We will start with what Reese notes is “by far the greatest rarity of Presidential books...” In 1780, future President John Adams traveled to the Netherlands to seek aid for the revolutionary cause. He met with Hendrik Calkoen, a sympathetic leader of the local legal community. Calkoen had some questions, and the two men agreed he would write them down in a letter, and Adams would respond. That the Dutchman did, and Adams responded to his 29 questions in a series of 26 letters. They cover many aspects of America and its revolution. Several years later, Adams decided he wanted to preserve his answers, but he did not want them made public. So, he decided to have them published in 1786 in a very small run, for friends and associates. They were included in a book published in London, with the simple title Letters, in an unknown but small quantity. Reese has been able to locate only six others still known to exist, all but one of the others now in institutional hands. One originally went to George Washington, one to British radical politician Brand Hollis, one probably came from the Adams family, and this one was inscribed to Ward Nicholas Boylston, Adams' cousin. The provenance of the remaining copies is unknown. This privately printed collection of Adams' letters was later reprinted under the title Twenty-six Letters, upon interesting subjects, also dated 1786 but probably not printed until 1789. Item 2. Priced at $275,000.
From Adams the father and future President, we go to Adams the son and past President. John Quincy Adams served as President from 1825-1829, but after his term was over, he did something no other president before or after has done – returned to Congress. He served in the House of Representatives from 1831 through his death in 1848. During those years his views evolved, and he became a passionate leader of causes he mostly ignored during his presidency, protection of the first amendment right to petition the government, and the need to bring an end to slavery. Those issues would come together in 1836 when the House passed the “Gag Rule.” This forbid the reading or discussion of petitions from constituents that opposed slavery. This particularly upset Adams as he was the one most vocal in presenting these petitions to the House. Item 4 is a letter Adams wrote to a friendly constituent back home in 1837. He covers a few subjects, including Revolutionary War pensions, of particular interest to the recipient. Most significantly, Adams admits that at one time he was not particularly interested in the subject of abolition. “I have perhaps some apology to make to the warm hearted and well-meaning abolitionists, whose zeal for the suppression of an enormous evil has been more fervent than my own.

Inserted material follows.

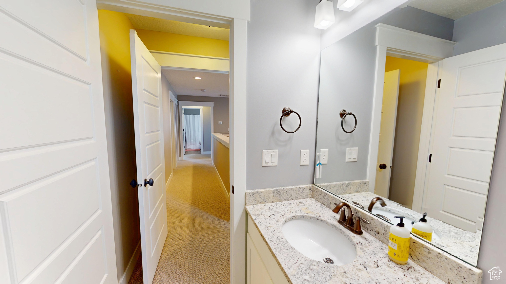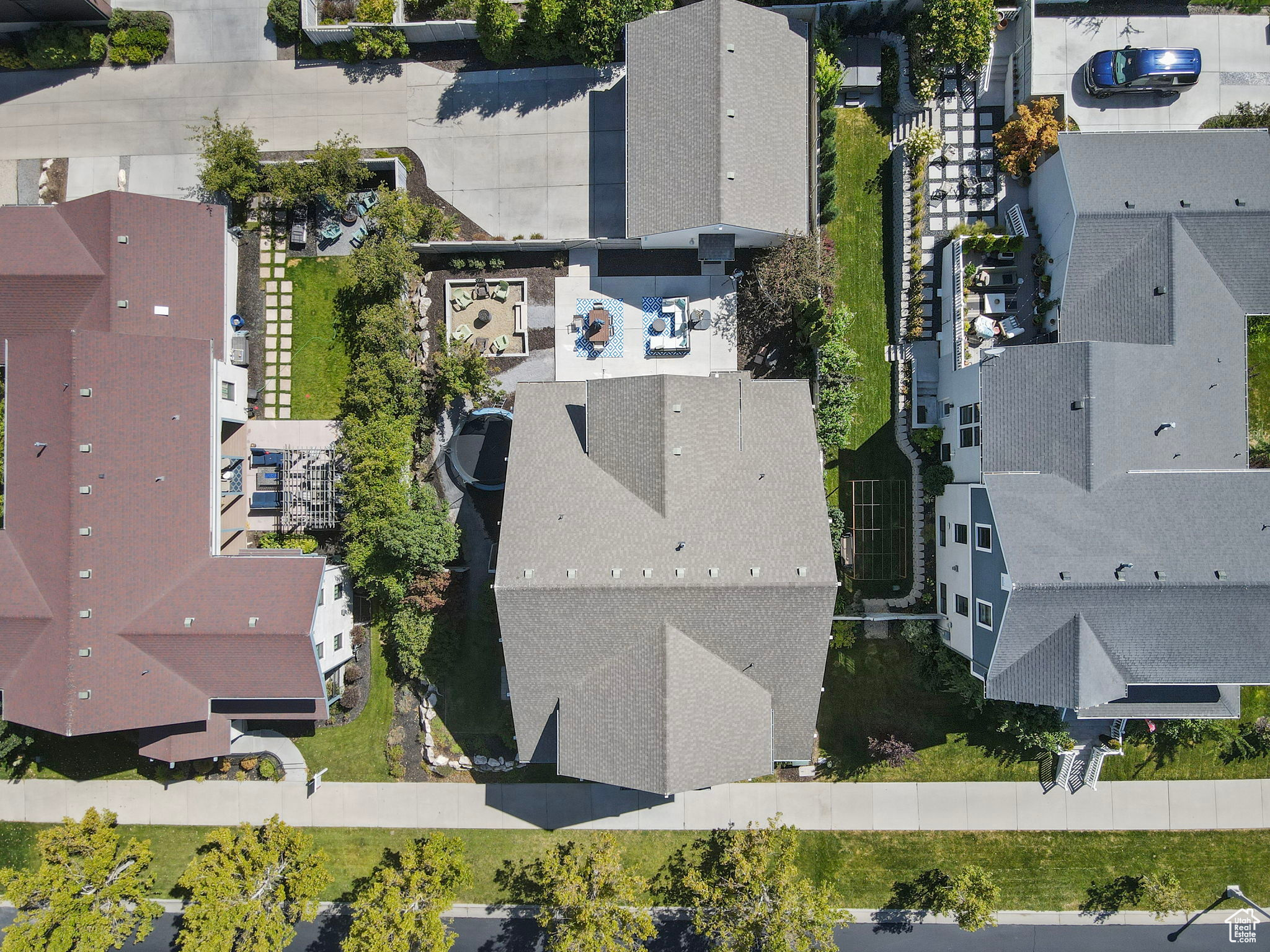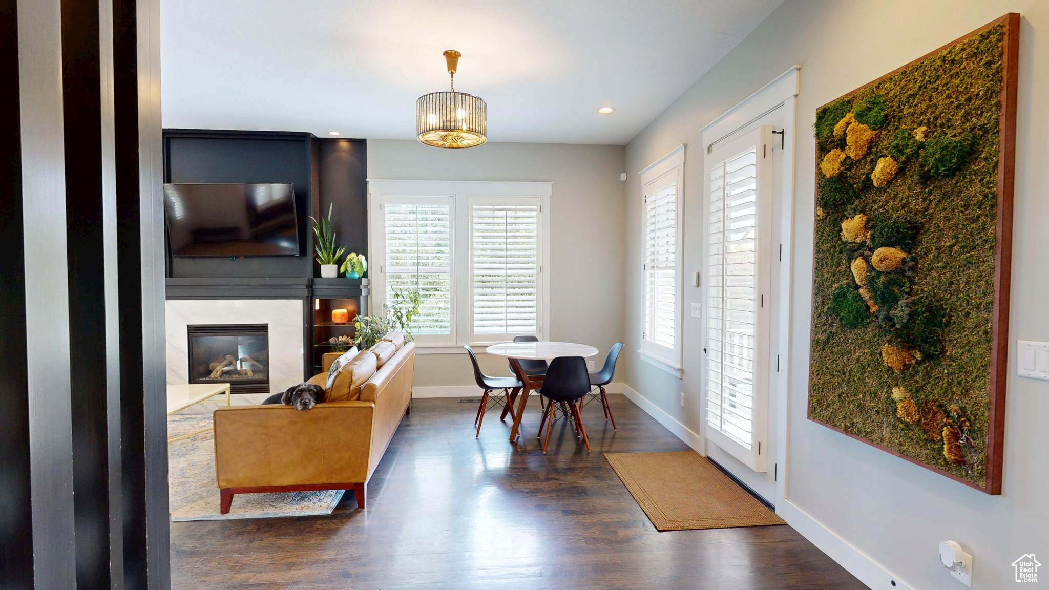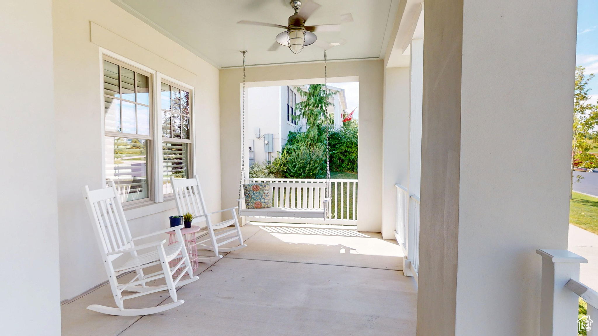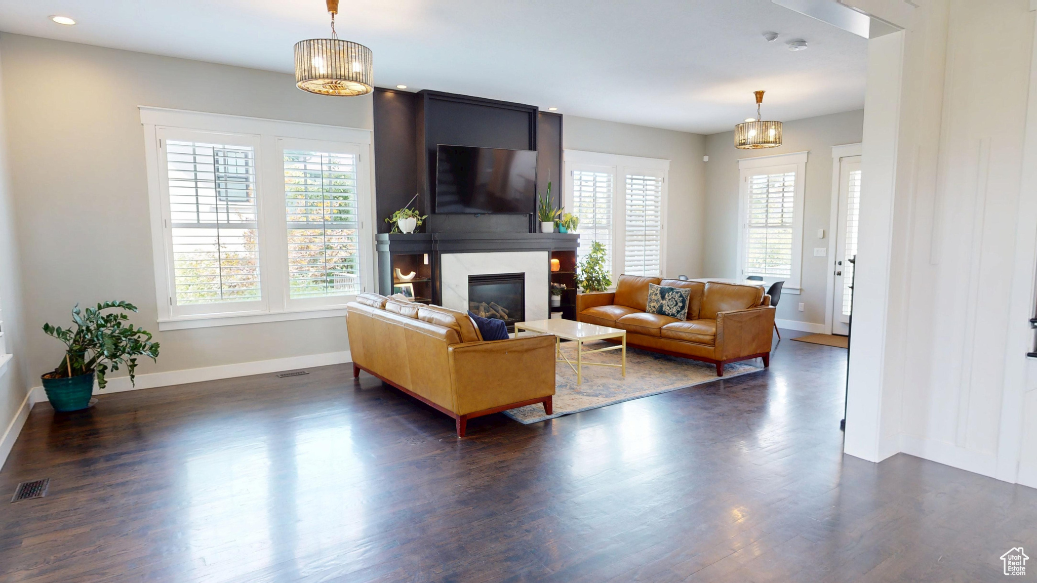 Amid the beautiful homes springing up in Daybreak, this one truly stands out. With its modern craftsman design, this home exudes elegance, blending timeless style with just the right amount of standout features. A spacious front porch, complete with ceiling fans, included porch swing, and inviting sitting areas, makes it the perfect spot to unwind and watch the neighborhood come to life or enjoy views of the mountain and Oquirrh Lake just down the street. Inside, a formal foyer opens to the dining and living areas, creating a sense of flow and space. The centerpiece of the living room is a stunning marble fireplace with lit shelving, adding both warmth and sophistication. Large windows throughout the home let in an abundance of natural light, highlighting the upgraded lighting, plantation shutters, and rich hardwood floors that tie everything together. The kitchen is a true showstopper, featuring sleek white shaker cabinets with glass front upper boxes, beautiful granite countertops, and a large island with ample seating. With top-of-the-line Caf smart appliances and glass pendant lighting, it's a space built for both functionality and style. Vaulted 18-foot ceilings open up to the loft, creating an airy, open feel. Spacious walk-in closets complete the bedrooms, and the primary suite is a private oasis with luxurious finishes. Both the main floor and upper floor feature dedicated laundry rooms, each with included washers and dryers-no more hauling laundry up and down. Recently replaced carpet and a new stair runner add to the home's fresh appeal. Downstairs, the fully custom finished basement is a highlight. From the executive-style home office, complete with alder cabinetry, wainscoting, wet bar, microwave, and mini-fridge, to the granite fireplace and hickory wood floors, no detail was overlooked. It's a space that must be seen to be fully appreciated. The wet bar adds even more convenience for hosting guests. Outside, the backyard is a true retreat, featuring a spacious entertainment area with a fire pit sitting area and even an included trampoline-perfect for fun and gatherings. The oversized garage has been thoughtfully finished with mud and paint, offering extra height, included storage, and added length for your convenience. The home also includes a fully fenced yard, a three-car detached garage, and an extra-long driveway. Across the street, enjoy a park with a walking path that leads to Oquirrh Lake, as well as nearby amenities like a playground, pool, and playing field. This home offers an exceptional blend of style, function, and comfort both inside and out. Square footage figures are provided as a courtesy estimate only and were obtained from County Records. Buyer is advised to obtain an independent measurement.

I have certainly none to make to the Ruffian slaveholder, who would burn me at the stake or send me to the Penitentiary, for asking the question, whether among the rights of human nature, of which the American slave is robbed by his master is included the right to Petition to Congress.” He goes on to note that he has been a sole voice fighting for the right to petition against the “Gag Rule.” It would take some time, but Adams would finally succeed in putting together a coalition to repeal this odious rule in 1844. $125,000.